Карл: В остальных случаях я тоже лгу. Но даже когда я честен, я лгу, ты же знаешь. (смех) Особенно когда говорю, что честен. Особая ложь. Типа: «Сколько раз я тебе говорил!»

Женщина из Венгрии: Это мой ум!

Карл: Колотящийся внутри тебя. «Сколько раз тебе говорить, что это не то!»

Луиза: Это цветение. Краска смущения — это цветение.

Карл: Цветение.

Луиза: Плоти. Краска смущения цветущей наготы.

Карл: Да, я и говорю, что если эта энергия затронута, если это «ба-бах» происходит, то оно подобно энергетической вспышке.

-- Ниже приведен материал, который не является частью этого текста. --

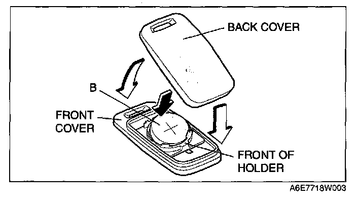 3. Install a new battery (CR2025) into the front portion of the holder with the positive pole (+) facing up. Press on the B portion of the battery to set the battery.
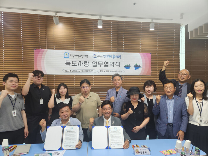 [의왕=송윤근 기자] 경기 의왕시청소년재단(이사장 김성제)은 30일, 의왕시청소년수련관에서 (사)영토지킴이 독도사랑회 의왕지회 (회장 전용복)와 ‘2025년 경기도 청소년 찾아가는 독도 디지털 체험관’ 사업의 성공적인 운영을 위한 업무협약을 체결했다.
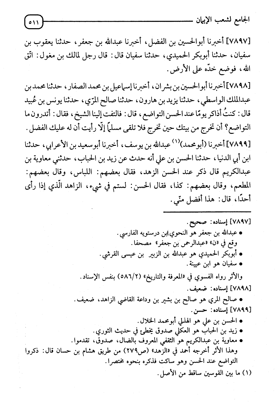 7899 - أَخْبَرَنَا عَبْدُ اللهِ بْنُ يُوسُفَ، أنا أَبُو سَعِيدِ بْنُ الْأَعْرَابِيِّ، نا ابْنُ أَبِي الدُّنْيَا، نا الْحَسَنُ بْنُ عَلِيٍّ، أَنْهُ حَدَّثَ زَيْدَ بْنَ الْحُبَابِ، حَدَّثَنِي مُعَاوِيَةُ بْنُ عَبْدِ الْكَرِيمِ، قَالَ: ذُكِرَ عِنْدَ الْحَسَنِ الزُّهْدُ، فَقَالَ بَعْضُهُمُ: اللِّبَاسُ، وَقَالَ بَعْضُهُمُ: الْمَطْعَمُ، وَقَالَ بَعْضُهُمْ كَذَا، فَقَالَ الْحَسَنُ: " لَسْتُمْ فِي شَيْءٍ، §الزَّاهِدُ الَّذِي إِذَا رَأَى أَحَدًا، قَالَ: هَذَا أَفْضَلُ مِنِّي "
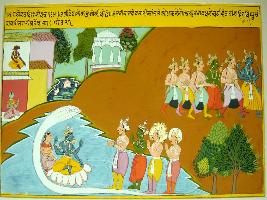 | Description / विवरण | Miniature painting based on Ekadashi Mahatmya depicting Ekadashi of Migsar month depicting all Devtas came to Vishnu and later they moved with Vishnu to fight with demons towards Chandravati. |
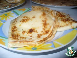 Сначала выпекаем тонкие блинчики большого диаметра. По любому рецепту.
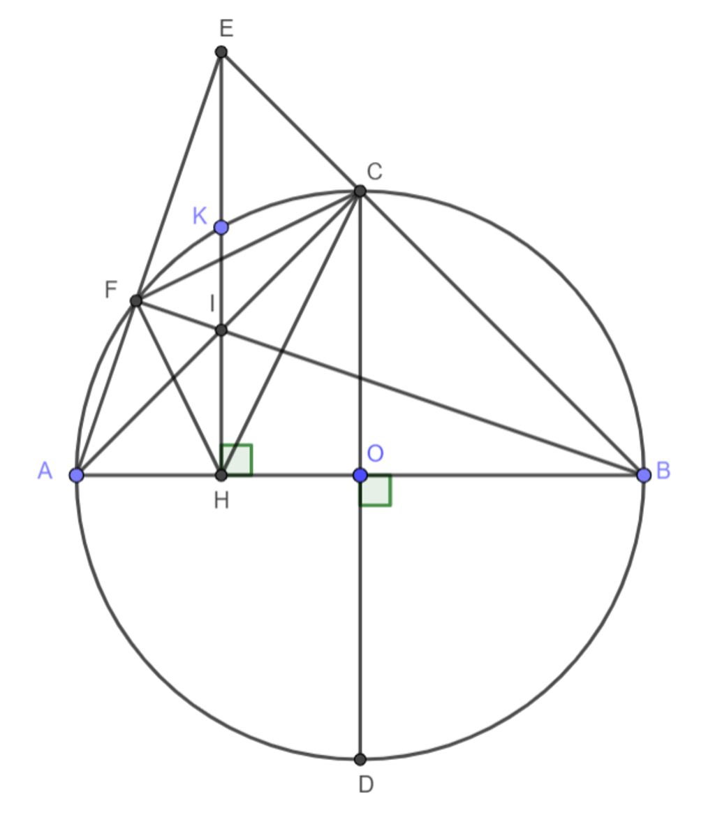 2) Tứ giác $EFIC$ có $\widehat{EFI}+\widehat{ECI}=180^o$ mà chúng ở vị trí đối nhau nên $EFIC$ nội tiếp
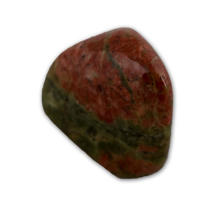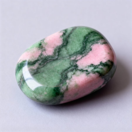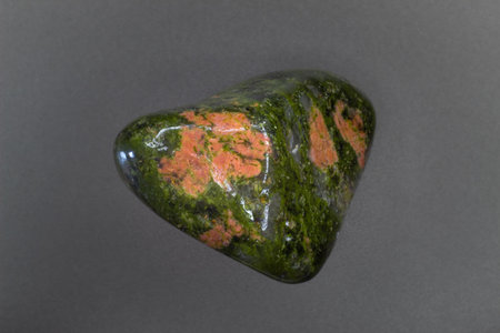 Polished green and pink unakite gemstone on gray background, showing unique crystal patterns and smooth natural surface texture.
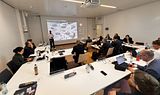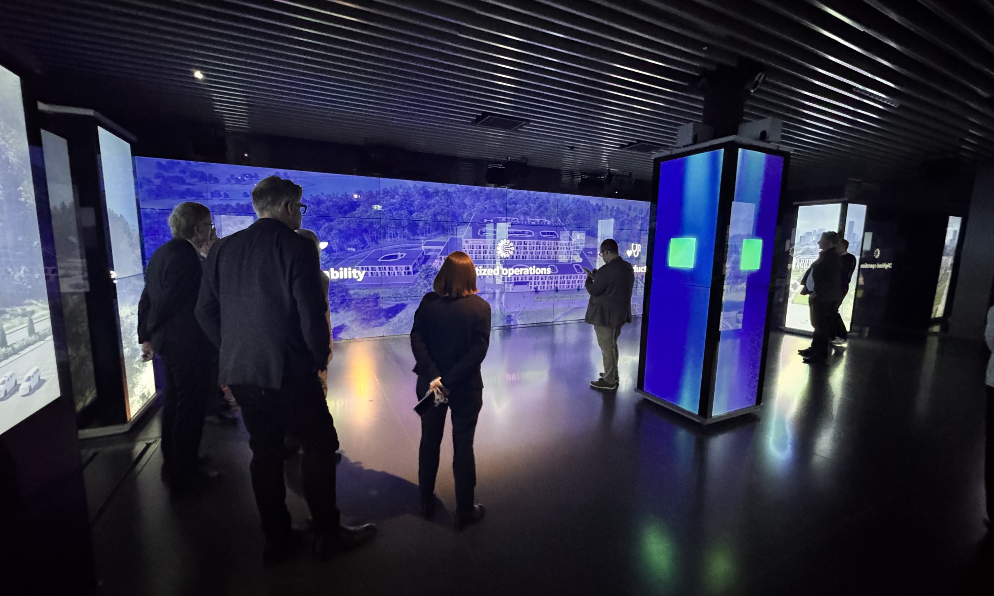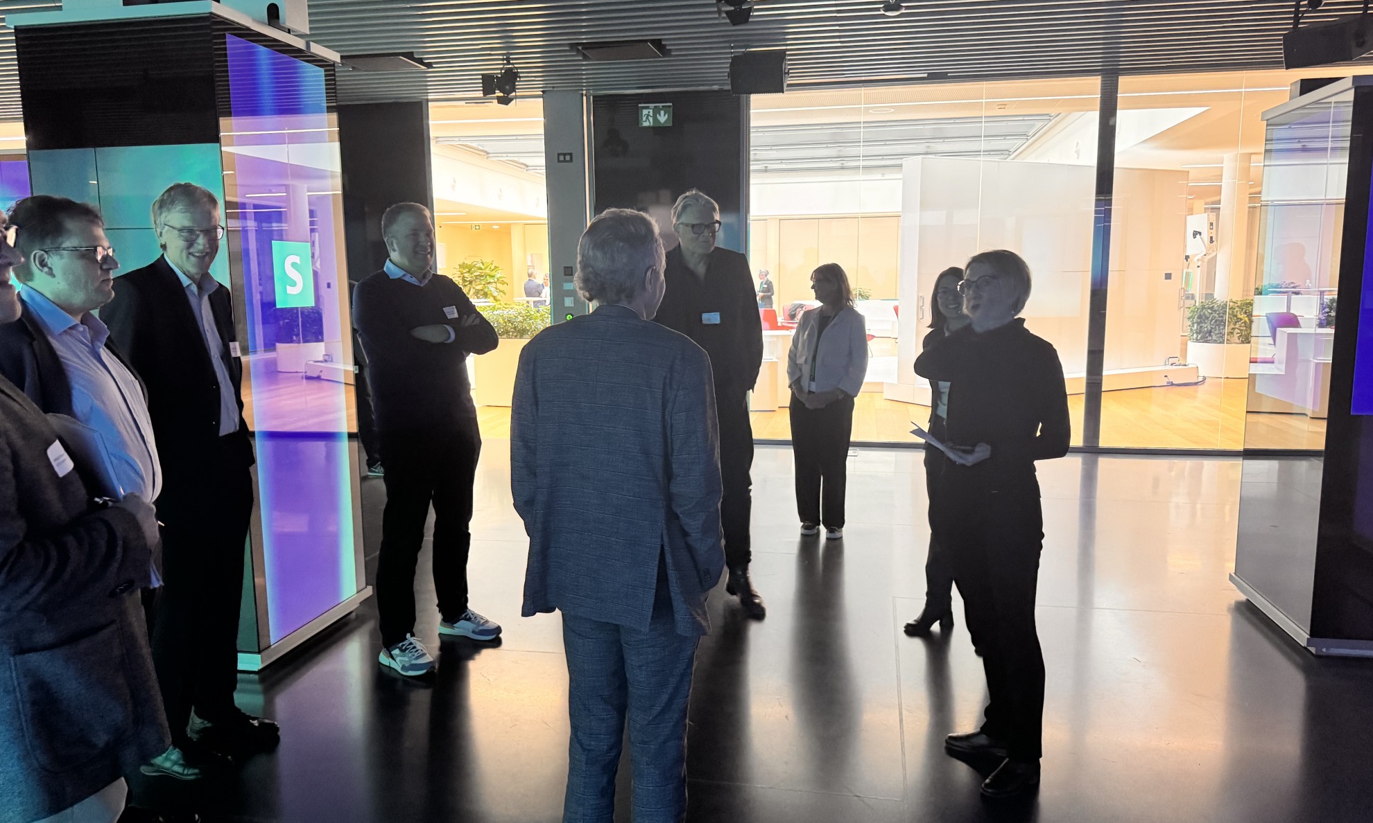 Im Anschluss an die Vorstellung von Siemens Smart Infrastructure fand für die KGTV-Mitglieder eine Betriebsführung statt. Sabrina Vetter, Leiterin des Besucherzentrums, präsentierte im Campus-eigenen 4D Experience Room die Möglichkeiten zur Infrastrukturtransformation, die Siemens verfolgt. Als Beispiel diente der Gesundheitssektor. Hier sei der Effizienzdruck besonders hoch. Der Bedarf an Dienstleistungen nähme aufgrund des demografischen Wandels immer weiter zu, während immer weniger Fachkräfte in der Branche gehalten werden könnten. Zusammen mit der KI des Experience Rooms zeigte Sabrina Vetter, wie in einem Spital Nachhaltigkeit und Produktivität durch Digitalisierung erhöht werden könnten. Z.B. erhielten die Patientinnen und Patienten individuelle Kontrolle über die Gebäudetechnik in ihren Krankenzimmern, was zu ihrem Wohlbefinden beitrage. Das Pflegepersonal, das heute einen Grossteil seiner Arbeit, damit verbringe, Equipment im Spital zusammenzusuchen, würde durch entsprechende Trackingsoftware entlastet, so dass es sich mehr den Patientinnen und Patienten widmen könne. Gleichzeitig reduziere sich dadurch der Geräteschwund. Ein solches System sei bereits im Kantonsspital Baden im Einsatz. Weiter unterstütze Siemens mit technischen Lösungen die Optimierung von administrativen Abläufen. Beispielsweise sei ein digitaler Check-In möglich, so dass Patientinnen und Patienten direkt auf den vereinbarten Behandlungstermin im Spital eintreffen könnten, ohne zuerst alle Formalitäten erledigen zu müssen.

Это как пробуждение слона. Рамана, когда его спрашивали, почему его сотрясала такая дрожь, говорил: «Что делать, когда в хижине просыпается слон?» Это неизбежно, потому что подобно впаданию в любовь. Этого невозможно избежать.

Женщина из Венгрии: (со смехом) Я знаю.

Карл: Вот я и указываю на то, как это происходит, это хороший указатель для беспомощности, поскольку ты не можешь избежать любви, не можешь избежать того, что как гром среди ясного неба появляется из Того, которое есть сама жизнь. Начинается поток жизненной энергии, и он не поддаётся контролю.

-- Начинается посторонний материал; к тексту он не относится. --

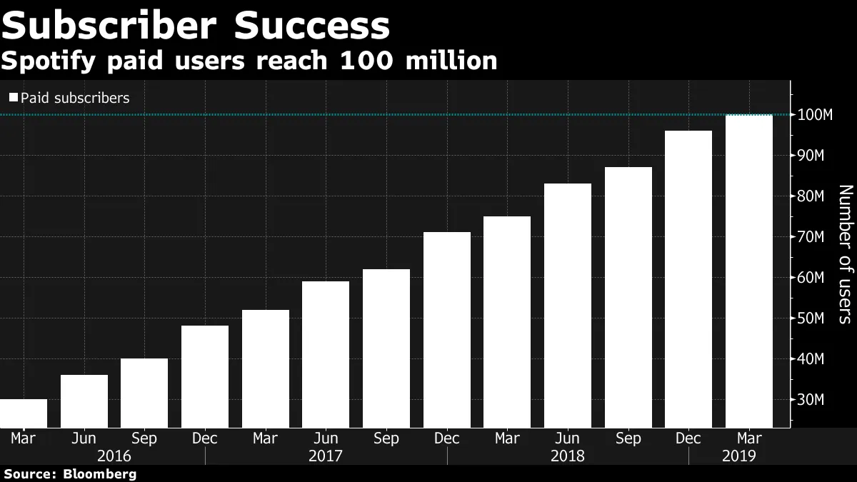 这种快速增长推动了整个音乐行业,但仍未使Spotify盈利。该公司在2019年第一季度亏损5200万美元,并表示预计今年将亏损高达3.8亿美元。
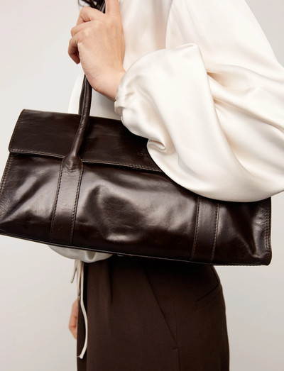 Diese Schultertasche aus glattem, glänzendem Leder bietet einen eleganten und raffinierten Look. Die längliche Form wird durch einen sicheren Klappenverschluss und mehrere Innenfächer für eine organisierte Aufbewahrung ergänzt. Lange Henkel sorgen für ein angenehmes Tragegefühl, während eine wiederverwendbare Tragetasche und ein Kartenhalter aus Leder zusätzlichen Mehrwert bieten.
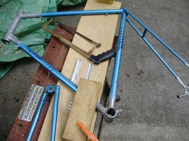 Para evitar el uso de una plantilla, es muy importante el orden en el que quitar los tubos de la bicicleta. Tienes que ser capaz de mantener la geometría de la moto para todo alinear y para la bicicleta de pista recta. Empecé quitando los tirantes de cadena. Quitando los primeros, las punteras son todavía sostenidas por las estancias del asiento, y ninguna otra parte de la estructura se ve afectada.
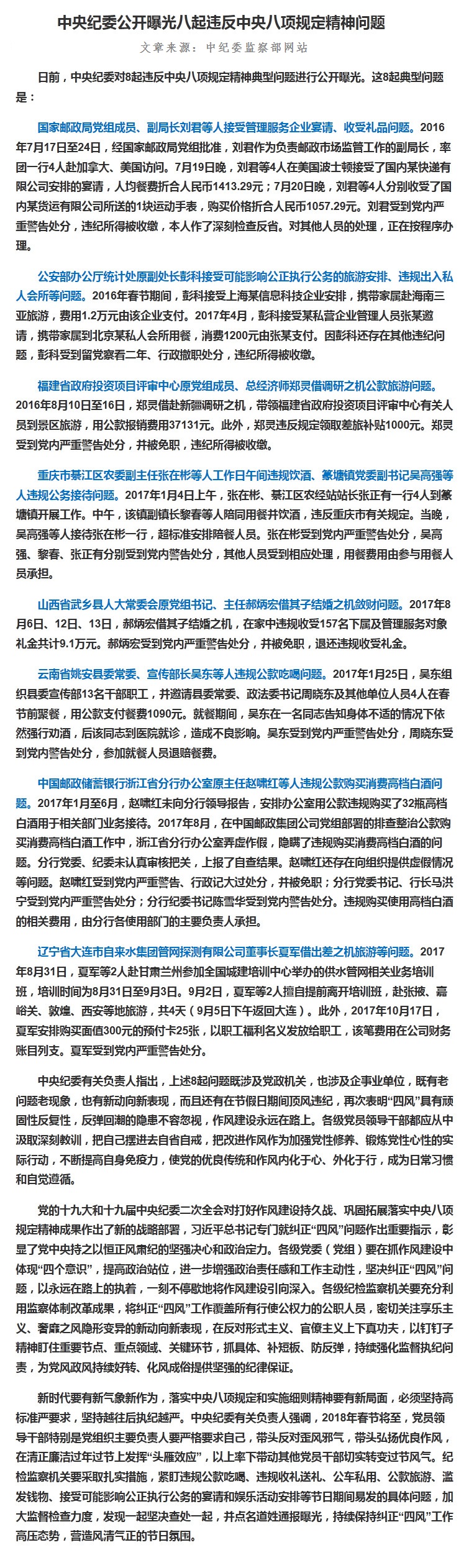 2月8日中央纪委公开曝光八起违反中央八项规定精神问题
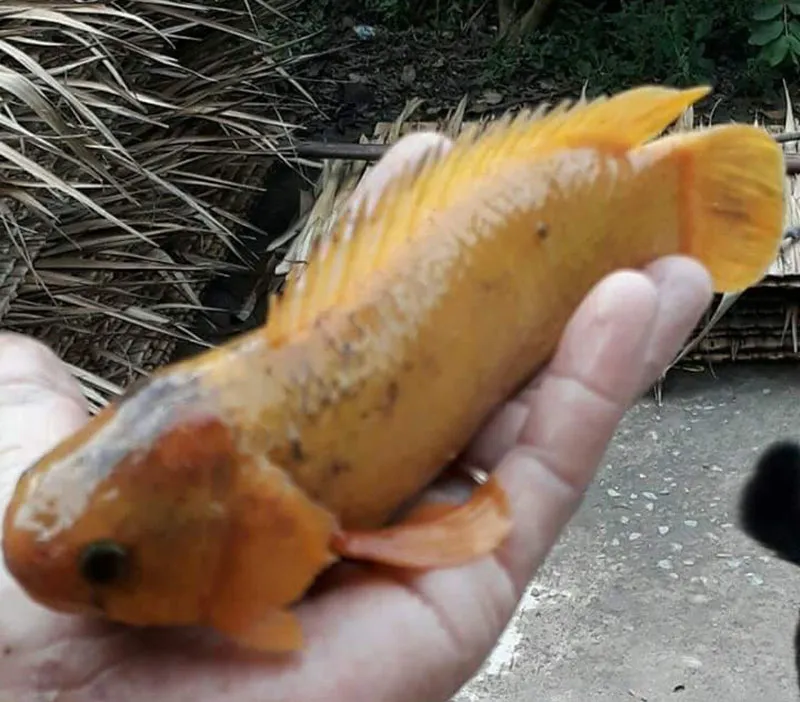 Con cá rô có màu vàng trên tay anh Nam. Ảnh: Hồng Nam
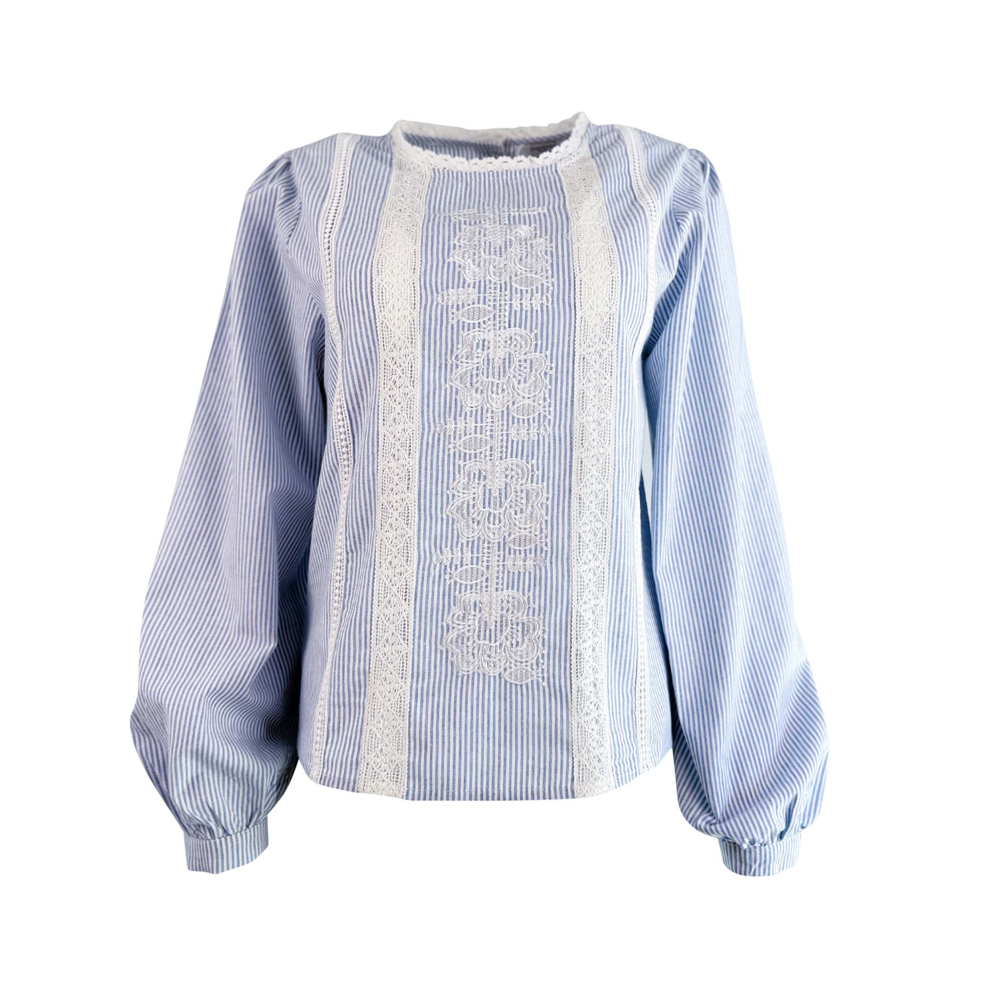 Diese Bluse aus 100 % Baumwolle besticht durch ihr frisches, zeitloses Design. Das blau-weiß gestreifte Muster wirkt klassisch, während die weiße Blumenstickerei auf der Vorderseite für eine feminine Note sorgt. Der Rundhalsausschnitt ist mit zarter weißer Spitze veredelt und die leichten Puffärmel verleihen dem Oberteil einen Hauch von Romantik. Dank der hochwertigen Baumwolle ist die Bluse angenehm zu tragen – perfekt für Alltag, Büro oder besondere Anlässe.

Англичанка: Он делает тебя слепым.

Карл: В том и прелесть. Ты переживаешь полную бесконтрольность, потому что это ты контролировать не можешь. Всё, что у тебя есть, даже мысли, ты можешь контролировать — возможно, с помощью медитативных техник ты можешь контролировать своё приятие, границы своей толерантности. Но когда происходит это, ты ничего не можешь. Это просто: «Ах, чёрт! Опять!» Всё впустую.

Так что впадание в любовь — это то же самое, потому что бесконтрольность просто-напросто открывает себя. Особенно, когда тебе хочется избежать её, ты проваливаешься в неё ещё глубже, чем раньше. Ты не можешь не упасть в любовь.

Луиза: А потом ты выпадаешь обратно.

Карл: Даже этого выпадания ты не можешь избежать. Так что в обеих крайних ситуациях происходит одно и то же: ты впадаешь в любовь и не можешь избежать её, этой беспомощности, а затем выпадаешь снова, ибо можешь выпасть только тогда, когда выпадаешь, а не в результате твоего желания выбраться. Ты хочешь разорвать отношения, но продолжаешь их, словно выхода нет. Ты страдаешь, ты делаешь всё, а затем в долю секунды происходит полный отказ от всего, ибо он разбивает твоё сердце, и ты выпадаешь. Но ни мгновением раньше. И с этого момента начинается что-то вроде: «Как я вообще мог влюбиться в эту клушу?» (смех)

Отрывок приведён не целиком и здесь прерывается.